● Data for review
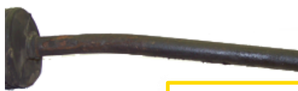
Biellette tordue ou sectionné
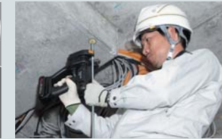
配管支持具の取付に
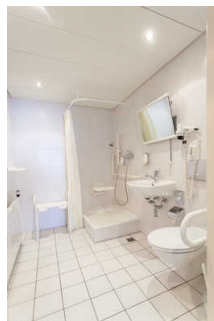
Badezimmer im Zimmer 101 Kerstin Klupsch

Es ist kein Alarmauslöser (Schnur, Knopf) vorhanden.
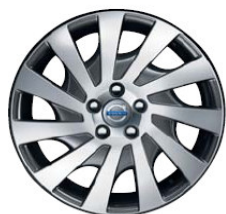
Saga 7,0 x 17"
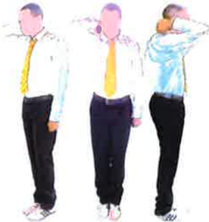
Armement du geste
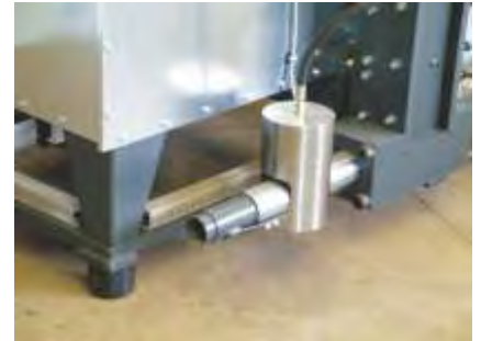
Transportrohr-Anschluss Transport pipe connection
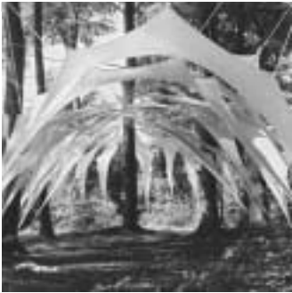
Kathedrale des Lichts bei Tag

die Zuschauer fasziniert und ihre Aufmerksamkeit gebunden. Irrlichter blinken aus dem Nebel. Zur melancholischen Musik enthüllt langsam das Licht tanzende menschliche Körper. Der Nebel zerreißt bei den heftigen Bewegungen und gibt den Blick frei auf tanzende Insekten. Erschrocken ziehen sie sich hinter die Bäume zurück. Die Glühwürmchen begleiteten die deutlich enthusiastische Besuchergruppe aus dem Wald in die kalte Welt des Asphalts. ■
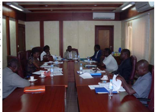
Membres du CEFI en séance de travail dans la salle de conférence de la FAO à Lomé

Enfin, le Comité a fortement recommandé que le compte ouvert soit rapidement alimenté par les fonds prévus sur le projet et que des dispositions soient prises par la Direction de l'élevage pour qu'une ligne budgétaire d'alimentation du fonds soit effective sur budget national en 2011.
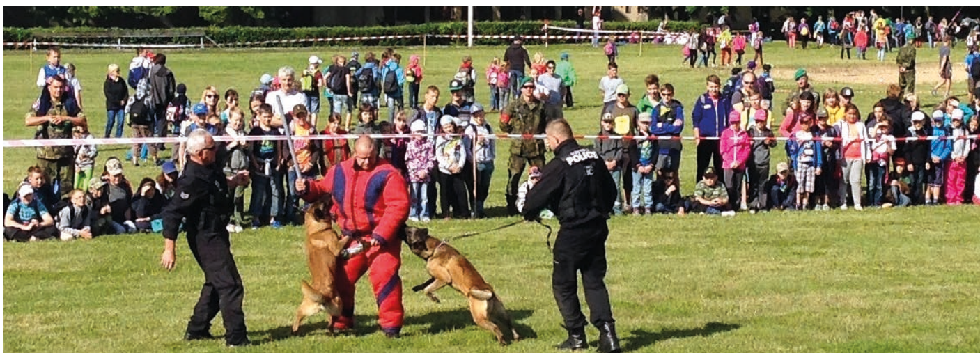
Hranické hry bez hranic – Bezpečné město. Městská policie předvádí činnost služebních psů.

Důležitou část práce Městské policie Hranice i Obvodního oddělení Policie ČR v Hranicích zahrnuje preventivní přednášková činnost na hranických školách.
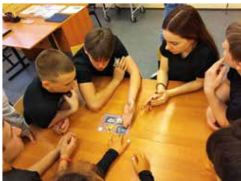
Команда 10а за работой

В этом году честь школы защищали ученики 10а класса. Все станции они прошли достойно, в итоге — почётное 3 место. Так держать!
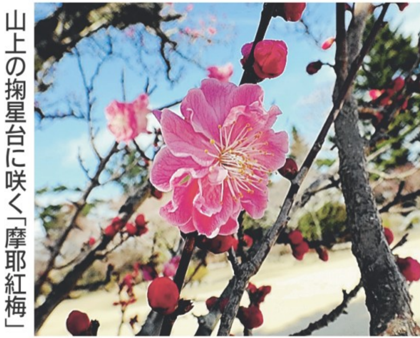
山上の掬星台に咲く「摩耶紅梅」

ところで、マヤカツの参加者をはじめ、摩耶山に気軽に上りたい人たちの心強い味方が、まやビューラインサポーターの会(制度なし)の制度だ。山上への運賃は、大人ならケーブルとロープウェイを合わせて片道900円、往復1800円。
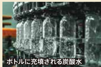
ボトルに充填される炭酸水
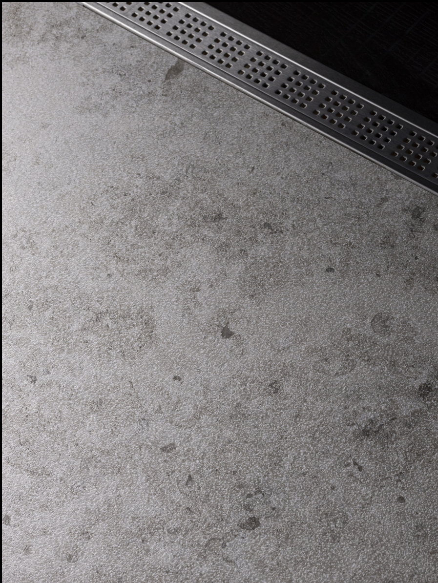
Kendo Grey Bush Hammered Finish
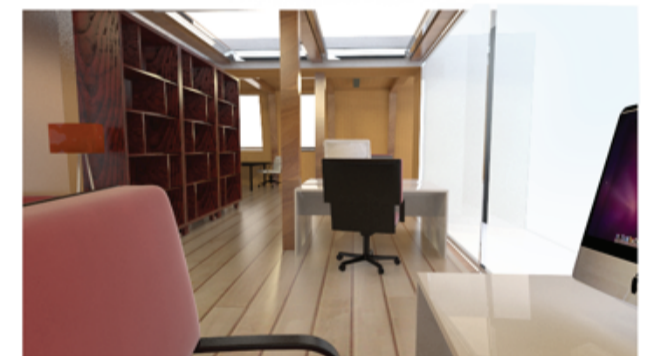
Вид интерьера второго этажа

При разработке архитектуры здания мы ставили перед собой задачу максимально отразить через форму суть деятельности компании. Поскольку для строительства домов заказчик использует клееный брус, наилучшим решением было взять характерную форму сечения бруса для фасада. Идея натуральности и "древесности" дополняет также использование того же бруса в качестве основного материала. В сочетании с панорамным остеклением и конструкцией тимберфреймом из клееного бруса получается легкая светлая конструкция, напоминающая о лучших образцах современной американской архитектуры.
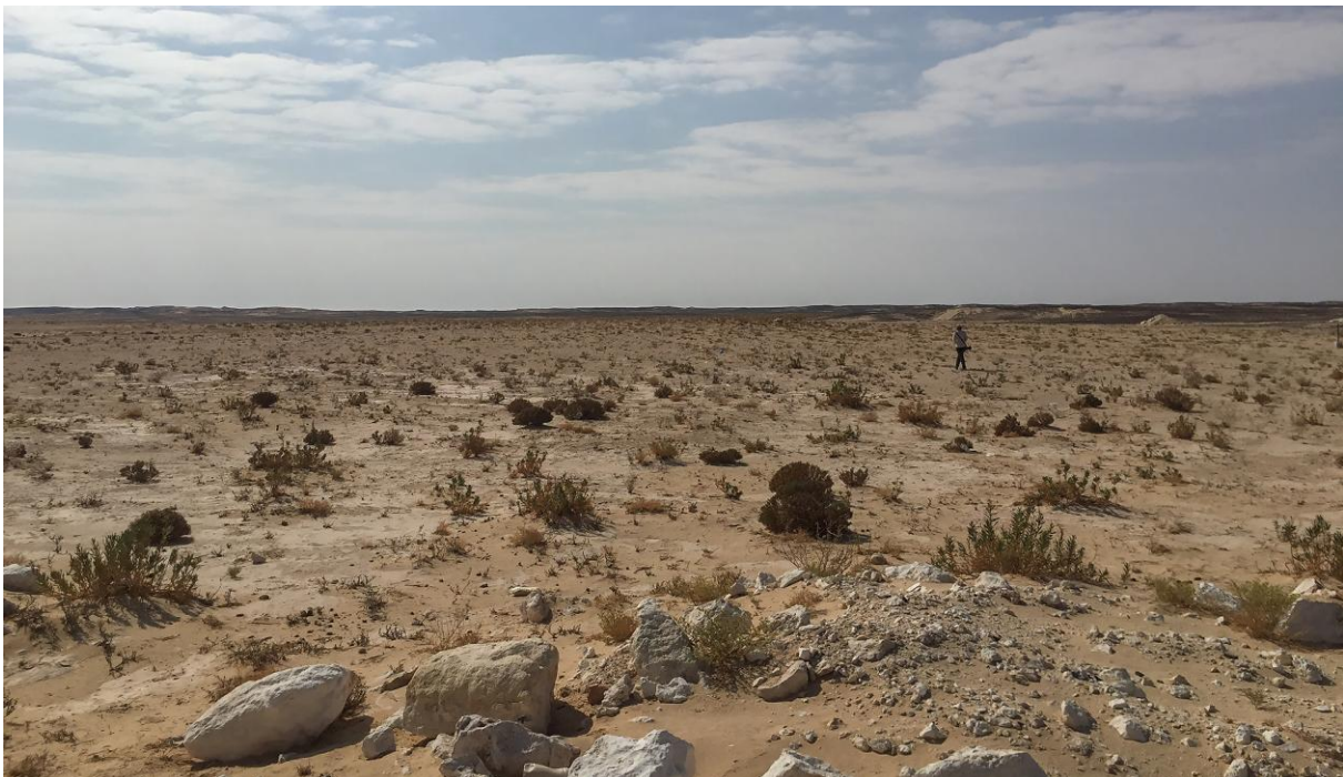
Även i grusöknen väster Thumrayt finns fåglar och kräldjur.

● Exercise objective
Return only the lines that start at the line containing "ところで、マヤカツの参加者を" and finish at the last line of the entries, exactly as written and without pictures.

● Answer for this exercise
ところで、マヤカツの参加者をはじめ、摩耶山に気軽に上りたい人たちの心強い味方が、まやビューラインサポーターの会(制度なし)の制度だ。山上への運賃は、大人ならケーブルとロープウェイを合わせて片道900円、往復1800円。
ボトルに充填される炭酸水
Kendo Grey Bush Hammered Finish
Вид интерьера второго этажа

При разработке архитектуры здания мы ставили перед собой задачу максимально отразить через форму суть деятельности компании. Поскольку для строительства домов заказчик использует клееный брус, наилучшим решением было взять характерную форму сечения бруса для фасада. Идея натуральности и "древесности" дополняет также использование того же бруса в качестве основного материала. В сочетании с панорамным остеклением и конструкцией тимберфреймом из клееного бруса получается легкая светлая конструкция, напоминающая о лучших образцах современной американской архитектуры.
Även i grusöknen väster Thumrayt finns fåglar och kräldjur.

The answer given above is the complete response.